#### [Assignment]
Using the data that follows, output only the lines from the line with "There were a" up to and including the line with "- 🎨 NON-TOXIQUES", exactly, leaving pictures aside.

#### [Data shown]
━━━━━━━━
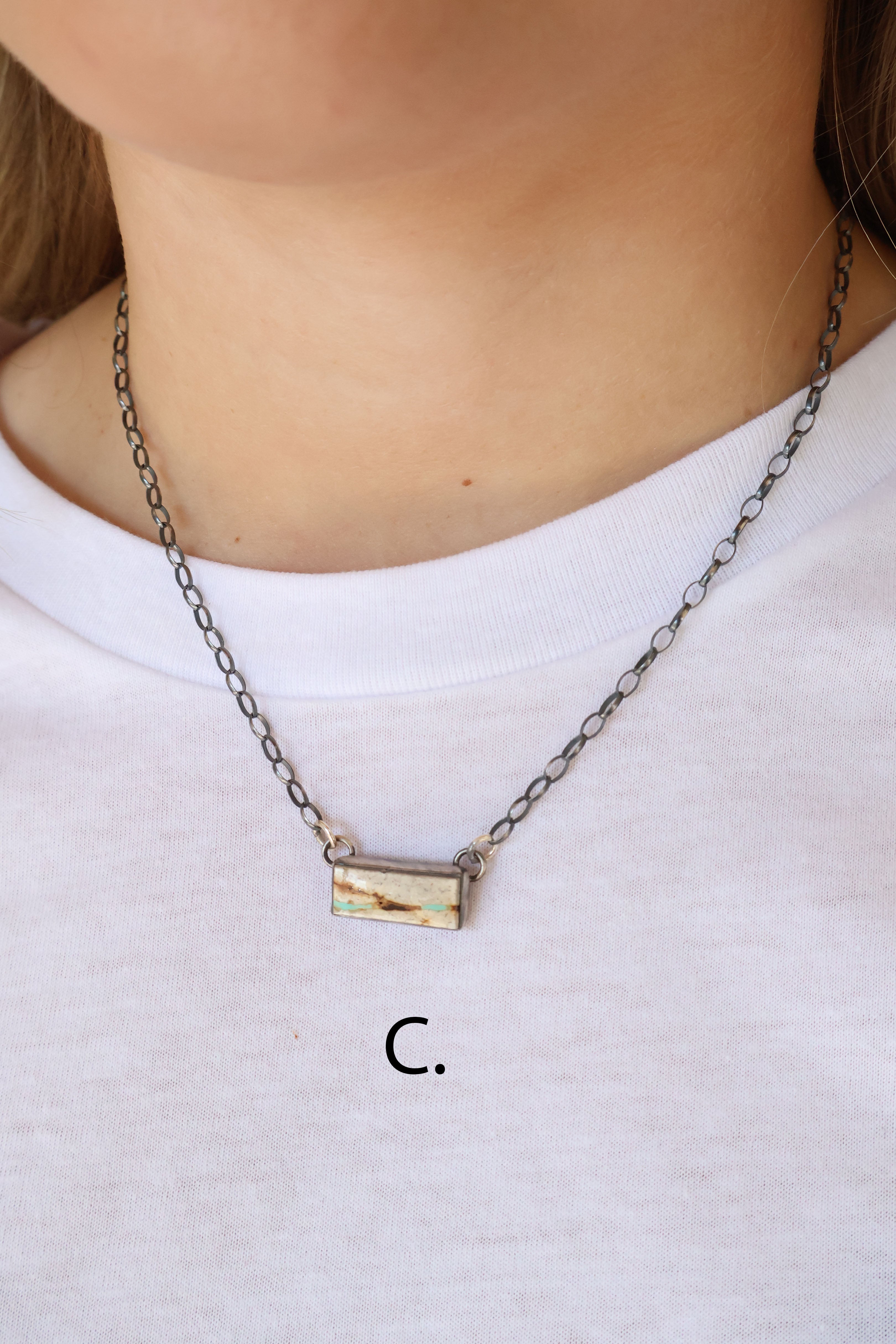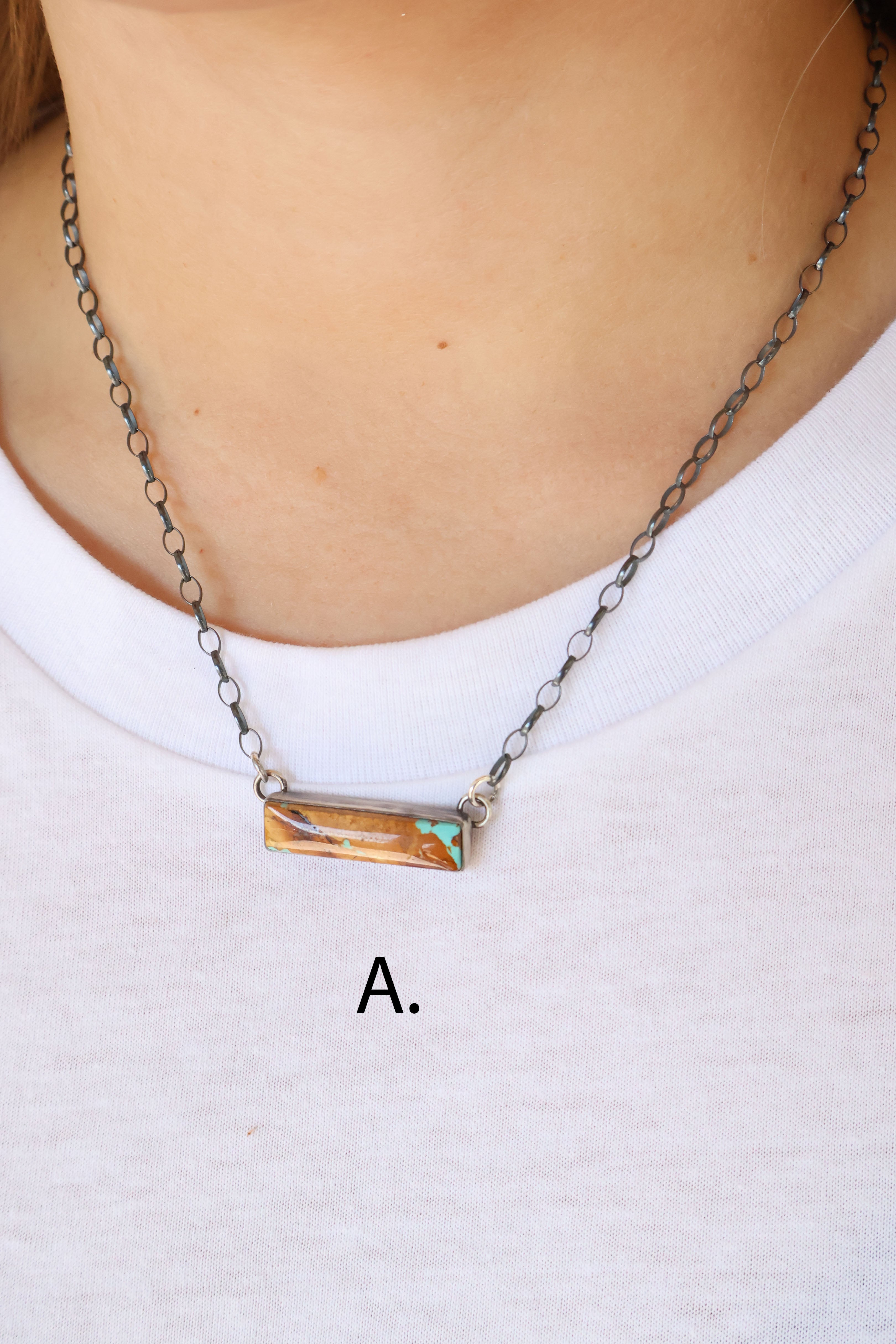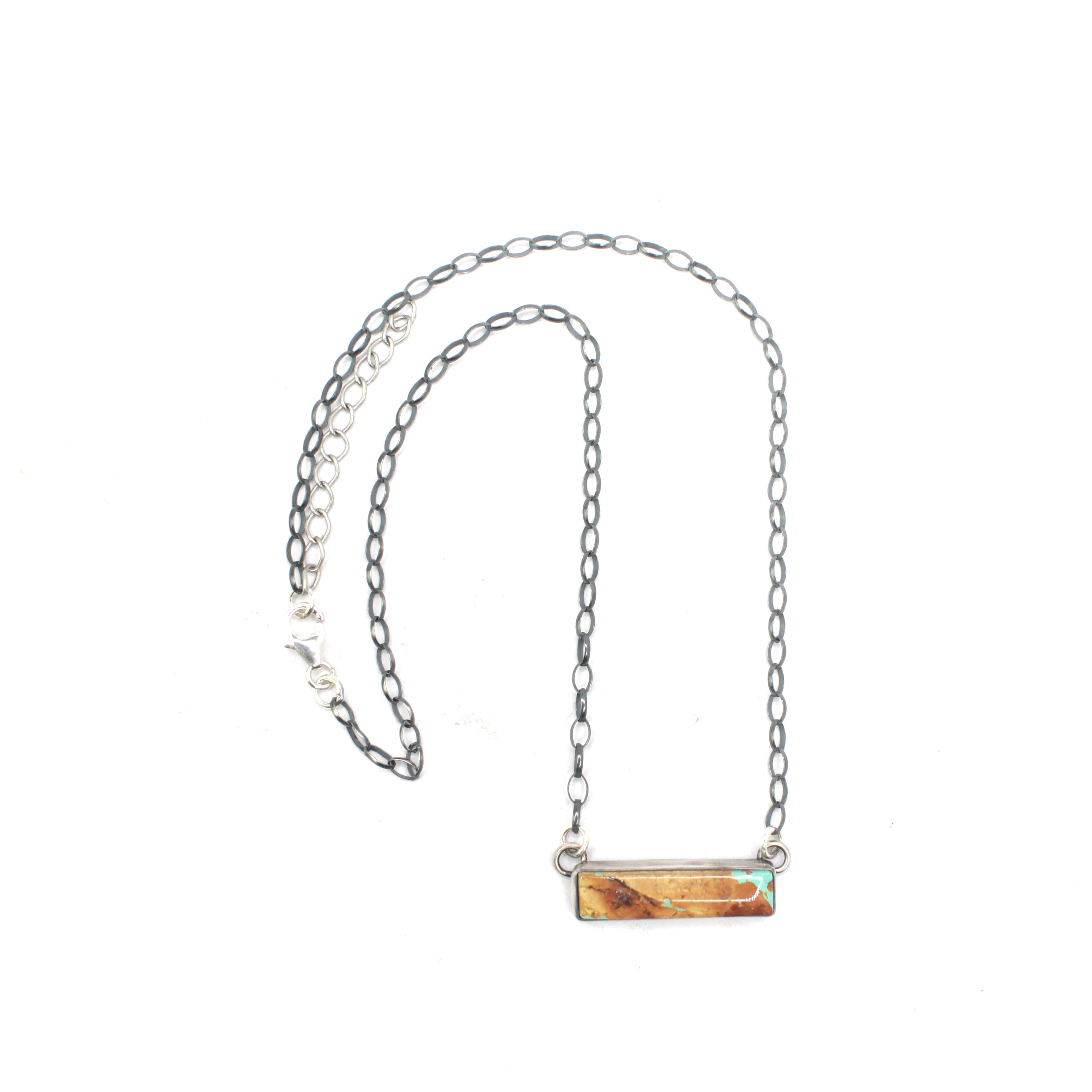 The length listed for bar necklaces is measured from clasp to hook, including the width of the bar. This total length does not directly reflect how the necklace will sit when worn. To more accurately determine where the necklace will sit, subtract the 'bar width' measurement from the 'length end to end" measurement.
━━━━━━━━
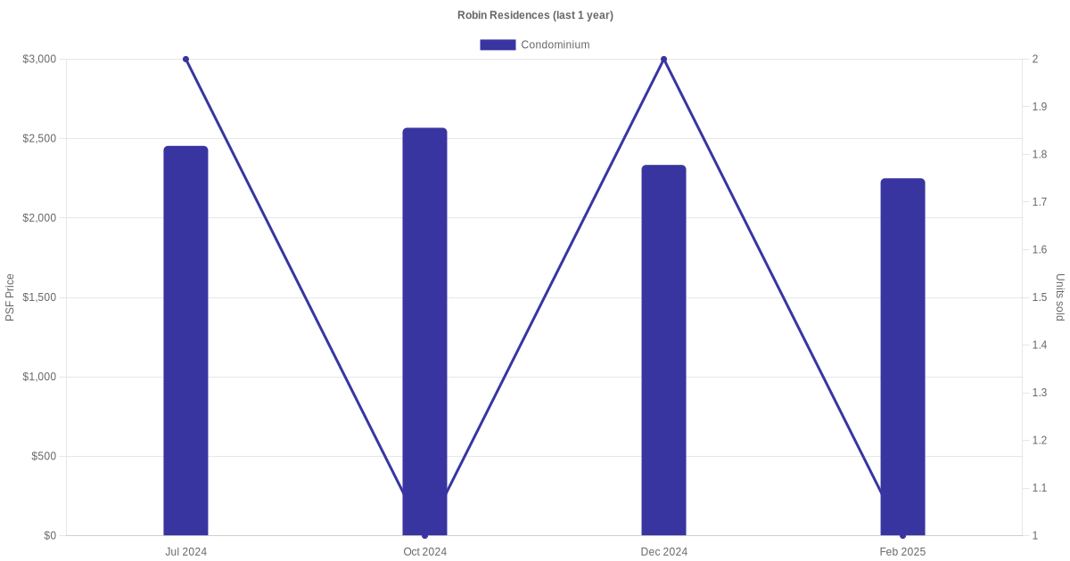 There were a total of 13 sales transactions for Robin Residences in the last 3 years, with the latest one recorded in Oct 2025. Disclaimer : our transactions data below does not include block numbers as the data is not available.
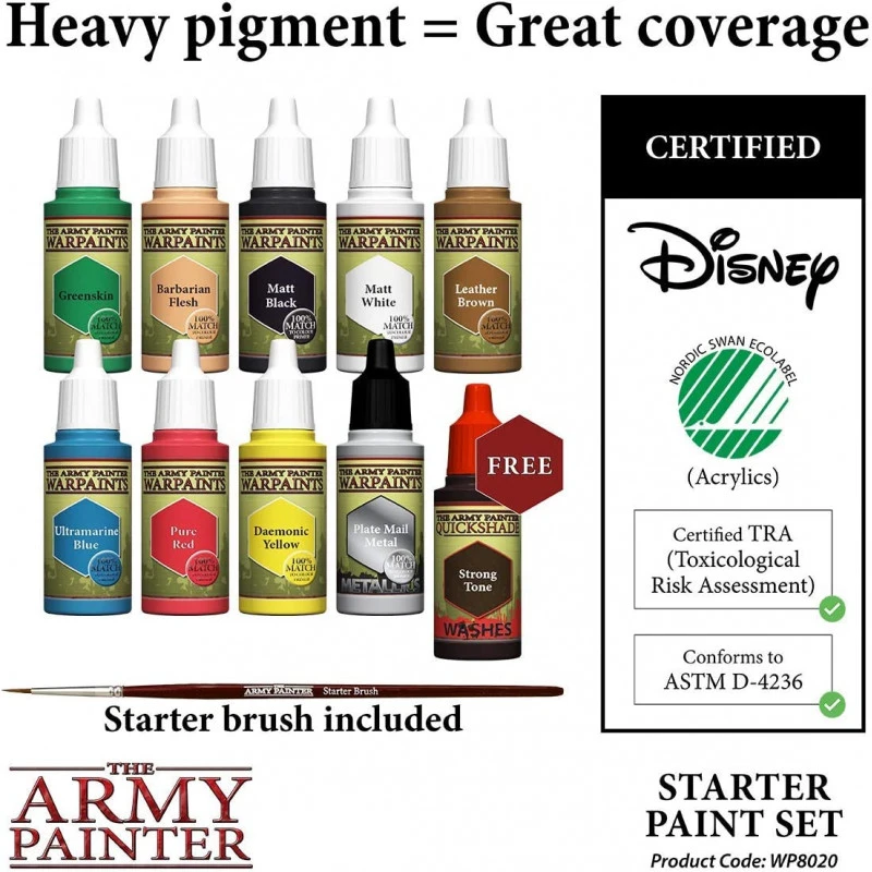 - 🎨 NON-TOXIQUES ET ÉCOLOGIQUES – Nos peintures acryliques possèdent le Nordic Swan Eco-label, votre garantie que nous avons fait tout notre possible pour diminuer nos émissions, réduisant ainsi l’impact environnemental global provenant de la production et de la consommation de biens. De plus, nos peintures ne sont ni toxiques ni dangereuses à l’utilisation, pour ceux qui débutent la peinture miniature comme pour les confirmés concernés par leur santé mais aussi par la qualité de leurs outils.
━━━━━━━━
#### [Task solution]
 There were a total of 13 sales transactions for Robin Residences in the last 3 years, with the latest one recorded in Oct 2025. Disclaimer : our transactions data below does not include block numbers as the data is not available.
 - 🎨 NON-TOXIQUES ET ÉCOLOGIQUES – Nos peintures acryliques possèdent le Nordic Swan Eco-label, votre garantie que nous avons fait tout notre possible pour diminuer nos émissions, réduisant ainsi l’impact environnemental global provenant de la production et de la consommation de biens. De plus, nos peintures ne sont ni toxiques ni dangereuses à l’utilisation, pour ceux qui débutent la peinture miniature comme pour les confirmés concernés par leur santé mais aussi par la qualité de leurs outils.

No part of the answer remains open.